Arey21 is of the view that the anomalous blood vessels may be due to

  1. The choice of unusual paths in the primitive vascular plexus,
  2. The persistence of vessels normally obliterated,
  3. The disappearance of vessels normally retained,
  4. Incomplete development, and
  5. Fusions and absorption of the parts usually distinct.21

Clinical significance

A knowledge of a morphological variation of the left vertebral artery is considerably important for all diagnostic and surgical procedures such as vascular angiographies and arterial dissection as well as all non-invasive procedures in the head and neck region.22 Anomalous Vertebral Artery origin also represents a potential pitfall in diagnostic cerebrovascular injury.23 An incomplete knowledge can result in complications. The extracranial portion of Vertebral Artery is frequently affected from atherosclerosis11 and according to Fischer et al.,24 the most common site of the resultant stenosis is at its origin from subclavian artery. According to Bernardi & Detori25 the unusual origin of the Vertebral Artery ‘‘may favor cerebral disorders because of alterations in the cerebral haemodynamics’’. According to the literature, most patients with morphological variation of the left vertebral artery are clinically asymptomatic. Though the overall occurrence of anomalous origin of prevertebral segment of vertebral artery is low, it is of clinical importance to identify the origin and course of the prevertebral segment of the vertebral artery in detail so as to prevent complications.16 Preceding any medical procedures it is vital to gauge vascularisation of the region. The most significant benefit of detecting potential left vertebral artery origin variants is diagnostic improvements before vascular surgeries of supra aortic arteries. The knowledge is essential for planning aortic arch surgery or endovascular interventions.22 It is also of great consequence for assessing vertebro-basilar insufficiency thought to be due to atherosclerosis, and during cannulation of vertebral artery for endovascular procedures. Vitte et al.26 stressed to keep the variant origin of vertebral artery in mind during its manual compression which is used routinely for positional haemodynamic vertebro-basilar insufficiency.

Conclusion

In approximately 6% of the population the left vertebral artery arises from the arch of aorta, usually between left common carotid and left subclavian artery. The left vertebral artery usually enters the sixth cervical foramina transversaria (88%), It occurs due to persistence of the left sixth dorsal intersegmental artery as the first part of vertebral artery, hence the aortic origin. A variant origin of vertebral artery of this kind may favor cerebral disorders because of alterations in cerebral haemodynamics.

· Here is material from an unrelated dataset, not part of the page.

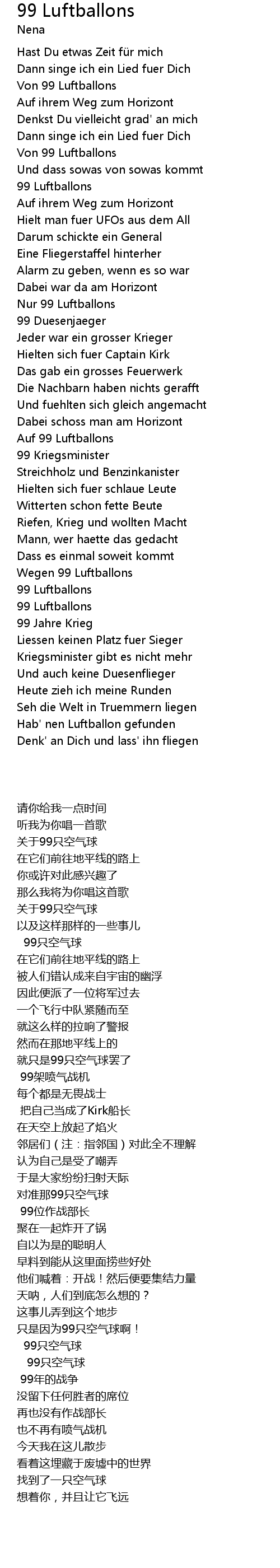 | 歌曲 | 99 Luftballons |

It is important to be aware of this rare variation in the origin and course of left vertebral artery as it might have serious implication in surgical and angiographic procedures. The knowledge is necessary and beneficial for planning aortic arch surgery or endovascular interventions.

Authors’ contributions

SPS drafted the manuscript, performed the literature review & SR assisted with writing the paper.

Acknowledgements

Authors are thankful to Dean Dr. Vinayak Sabnis Sir for his support and encouragement. Authors are also thankful to Mr. M. Murugan for his help. Authors also acknowledge the immense help received from the scholars whose articles are cited and included in references of this manuscript. The authors are also grateful to authors/editors/publishers of all those articles, journals and books from where the literature for this article has been reviewed and discussed.

Conflict of interest

Author declares that there is no conflict of interest.